Find the line holding "Provável escalação do" in the entries below. Give it again exactly, along with every line after it up to and including the line holding "Join us Tuesday, October".

(Beginning of Task inputs)

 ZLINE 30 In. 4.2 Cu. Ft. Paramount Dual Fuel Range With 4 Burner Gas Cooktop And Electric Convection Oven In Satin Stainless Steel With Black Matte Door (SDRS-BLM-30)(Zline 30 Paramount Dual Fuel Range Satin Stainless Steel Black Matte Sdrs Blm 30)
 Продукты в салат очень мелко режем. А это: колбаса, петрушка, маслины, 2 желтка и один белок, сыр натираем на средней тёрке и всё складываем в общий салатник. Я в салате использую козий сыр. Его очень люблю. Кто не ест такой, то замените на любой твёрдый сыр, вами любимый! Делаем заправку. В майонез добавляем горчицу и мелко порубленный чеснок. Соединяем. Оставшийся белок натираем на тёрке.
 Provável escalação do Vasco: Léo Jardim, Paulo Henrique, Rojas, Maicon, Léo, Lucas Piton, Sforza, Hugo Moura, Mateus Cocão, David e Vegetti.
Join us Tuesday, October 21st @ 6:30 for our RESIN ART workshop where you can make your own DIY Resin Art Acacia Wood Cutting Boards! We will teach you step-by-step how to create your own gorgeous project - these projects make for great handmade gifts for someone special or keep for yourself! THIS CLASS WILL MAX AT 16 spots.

(End of Task inputs)
(Beginning of Task inputs)

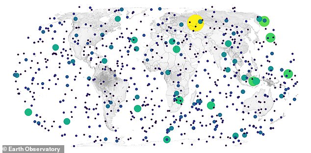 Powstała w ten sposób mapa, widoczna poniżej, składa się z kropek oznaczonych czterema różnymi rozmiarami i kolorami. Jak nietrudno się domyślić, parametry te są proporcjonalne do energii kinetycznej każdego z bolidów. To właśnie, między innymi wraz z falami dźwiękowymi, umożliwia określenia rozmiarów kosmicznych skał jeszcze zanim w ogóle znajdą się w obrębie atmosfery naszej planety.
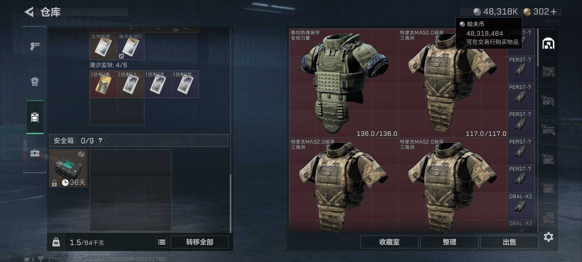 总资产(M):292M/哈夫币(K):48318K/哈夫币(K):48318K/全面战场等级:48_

(End of Task inputs)
(Beginning of Task inputs)

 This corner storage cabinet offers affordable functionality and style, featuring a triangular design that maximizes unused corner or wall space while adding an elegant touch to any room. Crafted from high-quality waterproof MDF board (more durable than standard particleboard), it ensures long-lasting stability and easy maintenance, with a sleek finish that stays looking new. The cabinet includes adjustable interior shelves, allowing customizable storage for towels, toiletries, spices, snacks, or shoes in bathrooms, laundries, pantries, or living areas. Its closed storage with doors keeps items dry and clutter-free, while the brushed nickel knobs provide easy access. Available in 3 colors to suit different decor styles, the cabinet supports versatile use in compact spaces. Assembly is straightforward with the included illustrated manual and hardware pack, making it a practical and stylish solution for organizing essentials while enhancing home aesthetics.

(End of Task inputs)

### Your solution
 Provável escalação do Vasco: Léo Jardim, Paulo Henrique, Rojas, Maicon, Léo, Lucas Piton, Sforza, Hugo Moura, Mateus Cocão, David e Vegetti.
Join us Tuesday, October 21st @ 6:30 for our RESIN ART workshop where you can make your own DIY Resin Art Acacia Wood Cutting Boards! We will teach you step-by-step how to create your own gorgeous project - these projects make for great handmade gifts for someone special or keep for yourself! THIS CLASS WILL MAX AT 16 spots.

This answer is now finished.